Since its establishment in 2002, Xinxiang Environmental Protection Volunteers has collected more than 70 tons of waste batteries, a serious risk to the ecology in the countryside, and led a pollution survey involving farmers across the whole drainage area of the Yellow River.

Although she finished her just studies after completing only primary education, by the late 1990s Tian was a successful battery dealer in Xinxiang, having worked her way up from a saleswoman at a small township company a decade earlier.

It was not until she took a trip to the nation's capital in 1999 did she become aware of the need for greater environmental protection.

"I read in a magazine I picked up in Beijing that the discharge from a leaking battery can pollute up to 600,000 liters of water and, if buried, can sterilize 1 square meter of farmland," said Tian. "I was shocked. I really didn't know the business I was in could be potentially harmful to the environment. After I came back from Beijing, I immediately started to collect all the used batteries at my stall in the department store."

Green NGO drives change at grass roots

 

Tian Guirong, left, and a member from the Xinxiang Environmental Protection Volunteers, the NGO she set up in 2002, attempt to get water sample from a drainage outlet of a small pharmacy factory in Loucun, Henan province. ZHANG TAO / CHINA DAILY PHOTOS 

 

She discovered that getting others as enthusiastic about environmental protection was not so easy, however.

Although the Friends of Nature - China's first environmental NGO - was founded in 1994, understanding on the green issue was still limited among the majority of the Chinese public, and even less so in Xinxiang, a second-tier city in northern Henan.

Much to the confusion of her family, Tian invested her own savings to begin a battery collecting campaign, as well as printed leaflets and organized public activities to spread the environmental message. In 2001, she also launched , a website to gather and disseminate information on green issues.

"I didn't have much education but I tried to improve my knowledge as much as possible. Luckily, the Xinxiang environmental protection bureau offered a lot of help," said the eco-activist. "I began to borrow books from the bureau, including Silent Spring, and I was also the first farmer to ever subscribe to China Environment News, an official publication of the State ministry."

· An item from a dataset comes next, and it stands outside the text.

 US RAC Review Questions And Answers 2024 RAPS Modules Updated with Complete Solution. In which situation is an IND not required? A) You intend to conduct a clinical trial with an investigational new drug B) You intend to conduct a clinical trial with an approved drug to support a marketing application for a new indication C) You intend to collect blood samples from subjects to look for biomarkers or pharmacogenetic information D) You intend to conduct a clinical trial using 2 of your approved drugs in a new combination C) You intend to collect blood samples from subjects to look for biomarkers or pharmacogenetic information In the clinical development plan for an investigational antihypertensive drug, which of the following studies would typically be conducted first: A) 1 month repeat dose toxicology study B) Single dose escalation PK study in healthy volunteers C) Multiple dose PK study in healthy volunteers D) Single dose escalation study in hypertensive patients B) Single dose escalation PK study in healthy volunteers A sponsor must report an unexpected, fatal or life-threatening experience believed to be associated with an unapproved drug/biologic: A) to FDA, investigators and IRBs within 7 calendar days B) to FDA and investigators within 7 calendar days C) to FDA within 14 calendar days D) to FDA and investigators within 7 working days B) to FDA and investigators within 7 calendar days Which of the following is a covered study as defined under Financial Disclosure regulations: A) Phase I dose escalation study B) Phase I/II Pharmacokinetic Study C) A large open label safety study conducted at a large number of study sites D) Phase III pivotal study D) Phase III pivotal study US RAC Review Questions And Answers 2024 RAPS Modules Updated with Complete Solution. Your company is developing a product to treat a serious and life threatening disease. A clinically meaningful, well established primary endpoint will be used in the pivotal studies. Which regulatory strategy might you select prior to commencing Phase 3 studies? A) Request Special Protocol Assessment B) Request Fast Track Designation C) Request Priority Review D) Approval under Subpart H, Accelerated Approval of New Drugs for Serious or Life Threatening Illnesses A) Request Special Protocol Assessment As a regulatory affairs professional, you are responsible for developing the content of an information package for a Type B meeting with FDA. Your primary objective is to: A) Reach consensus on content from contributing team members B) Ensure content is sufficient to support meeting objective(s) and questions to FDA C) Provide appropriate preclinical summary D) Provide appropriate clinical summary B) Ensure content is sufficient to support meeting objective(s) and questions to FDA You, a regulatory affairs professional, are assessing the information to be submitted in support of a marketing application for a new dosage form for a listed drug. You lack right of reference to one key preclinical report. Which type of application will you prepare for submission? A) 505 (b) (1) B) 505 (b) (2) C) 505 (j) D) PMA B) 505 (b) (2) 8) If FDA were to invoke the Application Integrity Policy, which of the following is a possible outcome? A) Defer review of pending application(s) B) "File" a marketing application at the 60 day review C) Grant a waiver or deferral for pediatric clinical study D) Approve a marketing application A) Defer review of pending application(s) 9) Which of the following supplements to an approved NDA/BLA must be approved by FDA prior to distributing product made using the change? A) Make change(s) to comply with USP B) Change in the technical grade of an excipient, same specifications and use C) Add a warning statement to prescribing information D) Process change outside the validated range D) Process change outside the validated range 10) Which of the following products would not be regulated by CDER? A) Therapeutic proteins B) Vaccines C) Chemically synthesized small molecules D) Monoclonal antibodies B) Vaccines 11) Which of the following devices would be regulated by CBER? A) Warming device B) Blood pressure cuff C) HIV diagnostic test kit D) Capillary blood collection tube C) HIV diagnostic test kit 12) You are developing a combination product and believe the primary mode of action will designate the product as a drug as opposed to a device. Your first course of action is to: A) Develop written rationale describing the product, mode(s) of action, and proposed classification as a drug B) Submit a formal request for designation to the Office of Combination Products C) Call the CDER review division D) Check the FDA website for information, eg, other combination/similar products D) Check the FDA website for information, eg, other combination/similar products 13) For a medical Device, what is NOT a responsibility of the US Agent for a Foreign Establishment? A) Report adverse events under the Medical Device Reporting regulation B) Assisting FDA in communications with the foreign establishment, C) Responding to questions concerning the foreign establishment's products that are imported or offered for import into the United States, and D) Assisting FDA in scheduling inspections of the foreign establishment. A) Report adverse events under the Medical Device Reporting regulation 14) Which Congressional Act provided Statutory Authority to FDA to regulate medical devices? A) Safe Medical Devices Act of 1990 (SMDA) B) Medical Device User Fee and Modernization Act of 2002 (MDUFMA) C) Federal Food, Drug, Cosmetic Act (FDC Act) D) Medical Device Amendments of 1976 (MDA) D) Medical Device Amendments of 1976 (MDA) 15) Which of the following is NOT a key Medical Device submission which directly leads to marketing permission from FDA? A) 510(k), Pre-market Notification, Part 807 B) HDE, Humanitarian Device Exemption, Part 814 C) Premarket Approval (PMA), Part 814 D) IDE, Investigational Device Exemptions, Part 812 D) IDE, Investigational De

Films also offered more inspiration for Tian, including the Oscar-winning Erin Brockovich, the true-life tale of an unemployed single mother who exposed a series of industrial poisonings in the United States and helped to bring a powerful company to justice.

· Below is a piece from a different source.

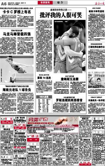 海南日报 体育新闻 006 2008-12-141 2008年12月14日 星期日

"Even with Chinese subtitles, I still had to watch the video three times to fully understand it. The story gave me the courage to do something similar," she said.

Targeting polluters

Raised in a village called Fanling, Tian said she has many beautiful memories from her childhood.

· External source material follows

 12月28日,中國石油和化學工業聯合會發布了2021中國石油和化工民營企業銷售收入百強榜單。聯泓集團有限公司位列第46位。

"The village is at the foot of Taihang mountain and a tributary of the Yellow River runs through it," she said. "The scenery used to be really good and, some winters, wild geese would stay at a nearby lake."

As more factories moved into the area over the last two decades, the water in the village stream has turned black, while large numbers of villagers now suffer from illnesses caused by pollution, such as cancer, she said.